Soliciting material pursuant to Rule 14a-12 under the Exchange Act (17 CFR 240.14d-2(b))

Pre-commencement communications pursuant to Rule 14d-2(b) under the Exchange Act (17 CFR 240.14d-2(b))

Pre-commencement communications pursuant to Rule 13e-4(c) under the Exchange Act (17 CFR 240.13e-4(c))

Securities registered pursuant to Section 12(b) of the Act:

Title of each class
Trading Symbol(s)
Name of each exchange on which registered
Common Stock, $0.01 par value
PBHC
The Nasdaq Stock Market LLC


Indicate by check mark whether the registrant is an emerging growth company as defined in Rule 405 of the Securities Act of 1933 (17 CFR §230.405) or Rule 12b-2 of the Securities Exchange Act of 1934 (17 CFR §240.12b-2).

Emerging growth company ☐

If an emerging growth company, indicate by check mark if the registrant has elected not to use the extended transition period for complying with any new or revised financial accounting standards provided pursuant to Section 13(a) of the Exchange Act.



Item 5.02.
Departure of Directors or Certain Officers; Election of Directors; Appointment of Certain Officers; Compensatory Arrangements of Certain Officers


(e)
On September 28, 2022, Pathfinder Bancorp, Inc. (the “Company”), on behalf of itself, Pathfinder Bank and any other affiliates or subsidiaries (collectively, “Pathfinder”), entered into a Separation Agreement and Release (“Agreement”) with Thomas W. Schneider (“Mr. Schneider”), the Company’s former Director of Capital Markets and Corporate Strategy, pursuant to which the Company and Mr.

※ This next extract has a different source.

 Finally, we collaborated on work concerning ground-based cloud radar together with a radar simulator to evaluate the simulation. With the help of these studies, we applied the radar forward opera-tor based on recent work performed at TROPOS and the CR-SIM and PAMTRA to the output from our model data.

Schneider set forth certain rights, covenants and responsibilities between the parties, following Mr. Schneider’s resignation from employment with the Company, which occurred on September 7, 2022.  The Agreement includes a general release of claims by Mr. Schneider and in favor of Pathfinder and its current and former directors, officers, employees, associates and other enumerated affiliates, subject to a 7-day revocation period beginning on the date of the Agreement.  The Agreement will become effective on the 8th calendar day after Mr. Schneider signs the agreement (the “Effective Date”).

Pursuant to the Agreement, and in consideration for Mr. Schneider’s commitments and releases set forth therein, the Company will pay Mr. Schneider Sixty-Thousand Dollars ($60,000), less applicable taxes, withholding and deductions, within 15 days after the Effective Date.  Under the Agreement, Mr. Schneider is entitled to elect COBRA coverage, and if so elected, Mr. Schneider will receive health and dental coverage under the Company’s health and dental plans and the Company will pay the full amount of such coverage through November 30, 2022.

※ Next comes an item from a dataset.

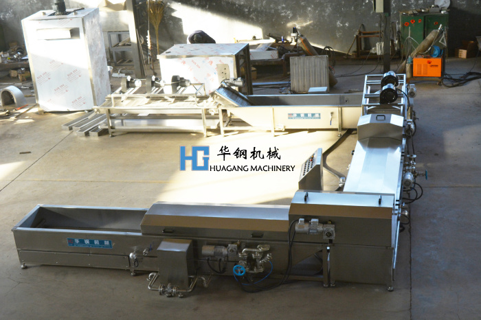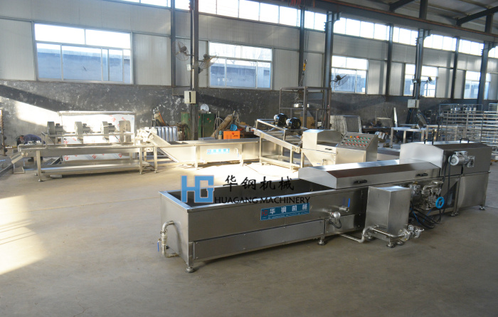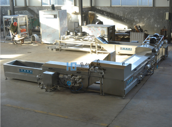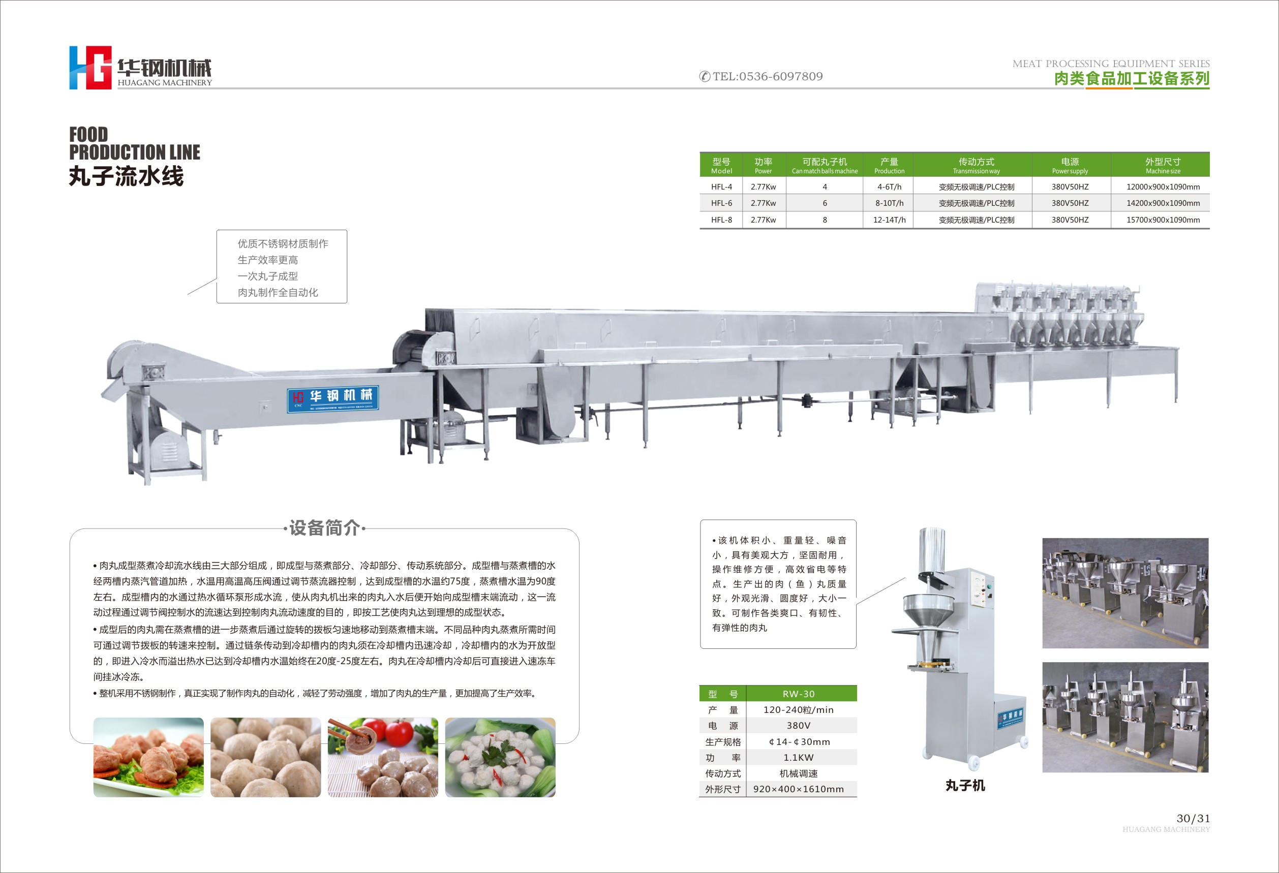 成型后的肉丸需在蒸煮槽的進一步蒸煮后通過旋轉的撥板勻速地移動到蒸煮槽末端。不同品種肉丸蒸煮所需時間可通過調節撥板的轉速來控制,使肉丸達到熟透狀態。蒸煮槽內的丸子由鏈條傳動到冷卻槽內,肉丸須在冷卻槽內迅速冷卻,冷卻槽內的水為開放型的,即進入冷水而溢出熱水已達到冷卻槽內水溫始終在20度-25度左右。肉丸在冷卻槽內冷卻后可直接裝盤進入速凍車間掛冰,或和速凍隧道(單凍機)連接。

The Agreement also includes non-disparagement, non-disclosure and non-solicitation provisions and sets forth remedies for breach.  Under the Agreement, Mr. Schneider also agrees to make himself available to cooperate with reasonable requests for information relating to his prior position as Director of Capital Markets and Corporate Strategy and to reasonably cooperate with Pathfinder and its counsel in connection with litigation and investigations brought by third parties, if any, and Pathfinder will reimburse Mr. Schneider for his reasonable expenses associated with the foregoing.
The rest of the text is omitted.